Friday, 23 November 2012

Malaria


female anopheles mosquito- the carrier

 

Malaria- (technical information courtesy of the internet and Ted Lankester’s “The Traveller’s Good Health Guide.”)

Somewhere around the 10th to 14th October I was bitten by a mosquito: a female Anopheles mosquito.
This would not have been different from any of the many mosquito bites grudgingly tolerated, except this mosquito was carrying a single celled parasite Plasmodium falciparum, which causes malaria.
So, as the mosquito took some of my blood, she deposited into my blood stream a form of the parasite called a sporozoite which made its way into my liver. Without any noticeable symptoms, the sporozoite form of the parasite grew in my liver, becoming liver schizonts. This took about 2 weeks.
 On or around the 27-28th October, these burst, releasing merezoites into my blood stream, while I felt an initial feverish symptom. The merezoites entered my red blood cells- the ones which carry oxygen- developing into trophozoites (which can be seen under a microscope), and then developed further into blood schizonts. Here a cycle was repeated- as blood schizonts burst from red blood cells, releasing more merezoites, while I experienced repeated bouts of increasingly feverish symptoms. Red blood cells are destroyed each time this process repeats- hence the tiredness associated with malaria.
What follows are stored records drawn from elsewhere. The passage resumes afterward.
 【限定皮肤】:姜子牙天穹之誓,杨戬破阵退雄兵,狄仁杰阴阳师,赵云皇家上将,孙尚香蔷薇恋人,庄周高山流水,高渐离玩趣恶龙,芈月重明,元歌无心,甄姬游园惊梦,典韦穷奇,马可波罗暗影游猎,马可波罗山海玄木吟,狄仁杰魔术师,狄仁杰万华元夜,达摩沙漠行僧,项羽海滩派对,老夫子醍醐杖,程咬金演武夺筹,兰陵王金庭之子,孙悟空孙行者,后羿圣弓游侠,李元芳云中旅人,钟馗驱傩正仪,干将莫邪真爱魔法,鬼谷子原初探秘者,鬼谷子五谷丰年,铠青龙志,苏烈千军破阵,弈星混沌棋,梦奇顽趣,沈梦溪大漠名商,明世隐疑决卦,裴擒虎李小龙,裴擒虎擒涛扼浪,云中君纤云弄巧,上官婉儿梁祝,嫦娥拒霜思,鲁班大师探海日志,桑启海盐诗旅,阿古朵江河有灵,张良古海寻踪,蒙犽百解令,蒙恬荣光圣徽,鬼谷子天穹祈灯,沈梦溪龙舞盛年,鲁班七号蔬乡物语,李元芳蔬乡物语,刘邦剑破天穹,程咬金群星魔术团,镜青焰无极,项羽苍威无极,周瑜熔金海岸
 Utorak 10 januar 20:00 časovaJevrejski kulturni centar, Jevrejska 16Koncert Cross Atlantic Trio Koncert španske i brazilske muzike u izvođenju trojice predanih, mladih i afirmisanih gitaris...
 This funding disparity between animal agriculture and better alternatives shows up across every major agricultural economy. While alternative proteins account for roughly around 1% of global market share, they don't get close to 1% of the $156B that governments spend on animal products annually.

On Sunday 28th  October, after feeling a little under the weather for a few days, I rapidly began to feel ill- sweating, shivering, headache, total loss of energy, thankfully no sickness etc. Having witnessed and supported a fellow volunteer several days previously, who, in the space of five hours, went from general illness and sickness, through to hospital admission and intravenous malaria treatment plus saline rehydration, I knew I needed immediate medical attention.
As VSO volunteers working with government services or NGOs, we are privileged in having access to a vehicle and driver in case of emergency. It is recognised that for non- Africans, without acquired local immunity, suspected malaria has to be treated promptly. Within minutes of phoning, a car appeared and with my accompanying housemates, bumped and bounced us over the Zebilla tracks and roads to the nearest clinic. Here, facilities may be basic, the queues long, but the actual processing for testing and dispensing necessary treatment for malaria was streamlined and efficient. Happily I was prescribed necessary drugs and able to stay at home in my own bed while I recovered.
5 days later, with a second blood test showing negative for malaria, but in need of some iron supplements, I was feeling much better, and only tired in a post ‘flu sort of way.
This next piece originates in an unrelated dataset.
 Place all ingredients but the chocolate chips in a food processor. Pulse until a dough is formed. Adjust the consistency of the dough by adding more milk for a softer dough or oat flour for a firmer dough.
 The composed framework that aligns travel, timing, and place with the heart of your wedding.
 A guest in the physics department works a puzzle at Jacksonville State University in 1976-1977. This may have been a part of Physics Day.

Photo credit- Bill and Melinda Gates Foundation. A boy watches his family set up a mosquito net.

Malaria is present in over 100 countries. It causes an estimated 1 million deaths a year, 85% of these being children under 5 years old.  3,000 children per day die from malaria related illnesses in sub-Saharan Africa.  While the proper use of mosquito nets impregnated with insecticide has measurable effects in reducing cases of malaria, longer term studies show mosquitoes developing resistance to insecticides while the malaria parasite becomes more resistant to the drugs used for treatment. Therefore the aim to develop a vaccine remains the only viable solution. That is one of the goals of the Bill and Melinda Gates Foundation, which as of 2012, has donated US$1.3 billion to fight HIV/AIDS, TB and malaria.

Source- Ghana News Agency


 In 2004, the Ghana government introduced the National Health Insurance Scheme (NHIS), encouraging every adult and child to register and carry an NHIS identification card, for a payment of 3 Cedis (about £1) per person per year. On producing this card, the holder would be entitled to free basic health care at a hospital, clinic or village medical facility, including ante natal, maternity services and treatment for malaria. Although the cost of the NHIS card remains beyond the reach of the poorest, with take up currently at about 65% of the population, it has proved to be enormously successful in saving lives, particularly among children contracting malaria.